---- Available data

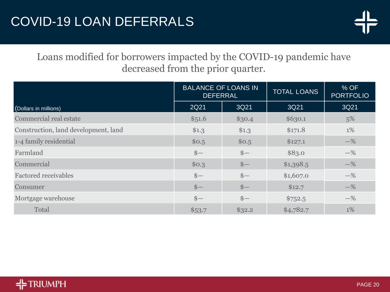PAGE 20 COVID-19 LOAN DEFERRALS (Dollars in millions) BALANCE OF LOANS IN DEFERRAL TOTAL LOANS % OF PORTFOLIO 2Q21 3Q21 3Q21 3Q21 Commercial real estate $51.6 $30.4 $630.1 5% Construction, land development, land $1.3 $1.3 $171.8 1% 1-4 family residential $0.5 $0.5 $127.1 —% Farmland $— $— $83.0 —% Commercial $0.3 $— $1,398.5 —% Factored receivables $— $— $1,607.0 —% Consumer $— $— $12.7 —% Mortgage warehouse $— $— $752.5 —% Total $53.7 $32.2 $4,782.7 1% Loans modified for borrowers impacted by the COVID-19 pandemic have decreased from the prior quarter.
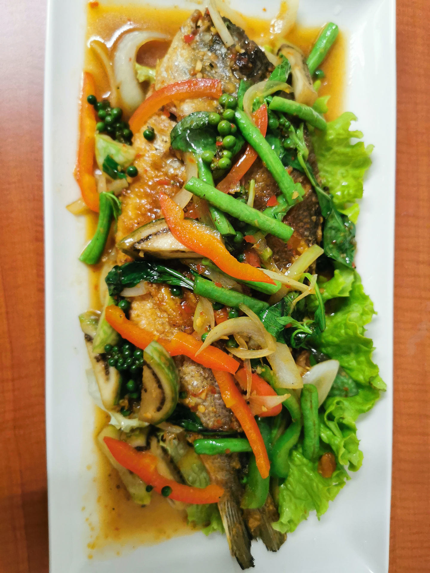 Daurade pimentées sautées au wok avec de feuilles de basilic thai
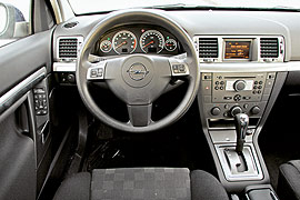 Отрадно, что «Вектра» производит еще и приятное эстетическое впечатление. 2,2-литровый «Опель» поставляется в Россию только в топ-комплектациях «Элеганс» и «Космо». Первая отличается светло-песочной отделкой и деревянными вставками, вторая радует спортивными кожано-тканевыми сиденьями. И та и другая нарядны, милы и в меру изысканны.

--------

How to complete this task: Omit every picture, then repeat the remaining data exactly as it appears above.

Result of this exercise:
PAGE 20 COVID-19 LOAN DEFERRALS (Dollars in millions) BALANCE OF LOANS IN DEFERRAL TOTAL LOANS % OF PORTFOLIO 2Q21 3Q21 3Q21 3Q21 Commercial real estate $51.6 $30.4 $630.1 5% Construction, land development, land $1.3 $1.3 $171.8 1% 1-4 family residential $0.5 $0.5 $127.1 —% Farmland $— $— $83.0 —% Commercial $0.3 $— $1,398.5 —% Factored receivables $— $— $1,607.0 —% Consumer $— $— $12.7 —% Mortgage warehouse $— $— $752.5 —% Total $53.7 $32.2 $4,782.7 1% Loans modified for borrowers impacted by the COVID-19 pandemic have decreased from the prior quarter.
 Daurade pimentées sautées au wok avec de feuilles de basilic thai
 Отрадно, что «Вектра» производит еще и приятное эстетическое впечатление. 2,2-литровый «Опель» поставляется в Россию только в топ-комплектациях «Элеганс» и «Космо». Первая отличается светло-песочной отделкой и деревянными вставками, вторая радует спортивными кожано-тканевыми сиденьями. И та и другая нарядны, милы и в меру изысканны.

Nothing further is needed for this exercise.